__Problem details__. Print the records exactly. Miss nothing.

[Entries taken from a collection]
▼
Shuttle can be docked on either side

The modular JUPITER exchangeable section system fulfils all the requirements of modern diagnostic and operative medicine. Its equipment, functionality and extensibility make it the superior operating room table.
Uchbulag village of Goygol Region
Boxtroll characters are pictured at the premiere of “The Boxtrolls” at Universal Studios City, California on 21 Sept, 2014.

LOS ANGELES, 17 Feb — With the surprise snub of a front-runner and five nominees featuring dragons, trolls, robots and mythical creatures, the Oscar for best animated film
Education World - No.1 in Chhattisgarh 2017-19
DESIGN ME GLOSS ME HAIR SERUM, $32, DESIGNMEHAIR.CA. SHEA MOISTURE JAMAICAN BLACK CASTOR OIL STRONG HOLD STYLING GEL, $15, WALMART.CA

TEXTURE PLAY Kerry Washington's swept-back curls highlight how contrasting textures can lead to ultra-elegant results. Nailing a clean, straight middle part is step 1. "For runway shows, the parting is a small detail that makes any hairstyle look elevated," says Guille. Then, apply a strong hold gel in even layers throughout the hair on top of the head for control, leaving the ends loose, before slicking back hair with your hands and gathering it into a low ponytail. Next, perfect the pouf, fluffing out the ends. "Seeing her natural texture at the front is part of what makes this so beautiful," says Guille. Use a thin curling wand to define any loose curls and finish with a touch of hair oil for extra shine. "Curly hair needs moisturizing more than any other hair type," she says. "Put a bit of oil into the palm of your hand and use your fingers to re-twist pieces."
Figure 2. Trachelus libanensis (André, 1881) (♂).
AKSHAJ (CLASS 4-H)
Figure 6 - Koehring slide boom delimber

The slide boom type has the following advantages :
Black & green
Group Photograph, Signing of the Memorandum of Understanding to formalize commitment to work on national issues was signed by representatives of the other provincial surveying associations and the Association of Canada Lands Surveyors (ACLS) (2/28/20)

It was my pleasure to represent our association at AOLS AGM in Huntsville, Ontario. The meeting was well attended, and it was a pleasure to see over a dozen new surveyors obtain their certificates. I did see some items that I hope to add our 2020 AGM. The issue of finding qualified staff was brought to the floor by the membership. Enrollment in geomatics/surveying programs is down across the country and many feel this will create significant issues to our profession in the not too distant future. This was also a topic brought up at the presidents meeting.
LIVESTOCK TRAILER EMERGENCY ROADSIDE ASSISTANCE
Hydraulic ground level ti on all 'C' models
▲
__Your solution__.
Shuttle can be docked on either side

The modular JUPITER exchangeable section system fulfils all the requirements of modern diagnostic and operative medicine. Its equipment, functionality and extensibility make it the superior operating room table.
Uchbulag village of Goygol Region
Boxtroll characters are pictured at the premiere of “The Boxtrolls” at Universal Studios City, California on 21 Sept, 2014.

LOS ANGELES, 17 Feb — With the surprise snub of a front-runner and five nominees featuring dragons, trolls, robots and mythical creatures, the Oscar for best animated film
Education World - No.1 in Chhattisgarh 2017-19
DESIGN ME GLOSS ME HAIR SERUM, $32, DESIGNMEHAIR.CA. SHEA MOISTURE JAMAICAN BLACK CASTOR OIL STRONG HOLD STYLING GEL, $15, WALMART.CA

TEXTURE PLAY Kerry Washington's swept-back curls highlight how contrasting textures can lead to ultra-elegant results. Nailing a clean, straight middle part is step 1. "For runway shows, the parting is a small detail that makes any hairstyle look elevated," says Guille. Then, apply a strong hold gel in even layers throughout the hair on top of the head for control, leaving the ends loose, before slicking back hair with your hands and gathering it into a low ponytail. Next, perfect the pouf, fluffing out the ends. "Seeing her natural texture at the front is part of what makes this so beautiful," says Guille. Use a thin curling wand to define any loose curls and finish with a touch of hair oil for extra shine. "Curly hair needs moisturizing more than any other hair type," she says. "Put a bit of oil into the palm of your hand and use your fingers to re-twist pieces."
Figure 2. Trachelus libanensis (André, 1881) (♂).
AKSHAJ (CLASS 4-H)
Figure 6 - Koehring slide boom delimber

The slide boom type has the following advantages :
Black & green
Group Photograph, Signing of the Memorandum of Understanding to formalize commitment to work on national issues was signed by representatives of the other provincial surveying associations and the Association of Canada Lands Surveyors (ACLS) (2/28/20)

It was my pleasure to represent our association at AOLS AGM in Huntsville, Ontario. The meeting was well attended, and it was a pleasure to see over a dozen new surveyors obtain their certificates. I did see some items that I hope to add our 2020 AGM. The issue of finding qualified staff was brought to the floor by the membership. Enrollment in geomatics/surveying programs is down across the country and many feel this will create significant issues to our profession in the not too distant future. This was also a topic brought up at the presidents meeting.
LIVESTOCK TRAILER EMERGENCY ROADSIDE ASSISTANCE
Hydraulic ground level ti on all 'C' models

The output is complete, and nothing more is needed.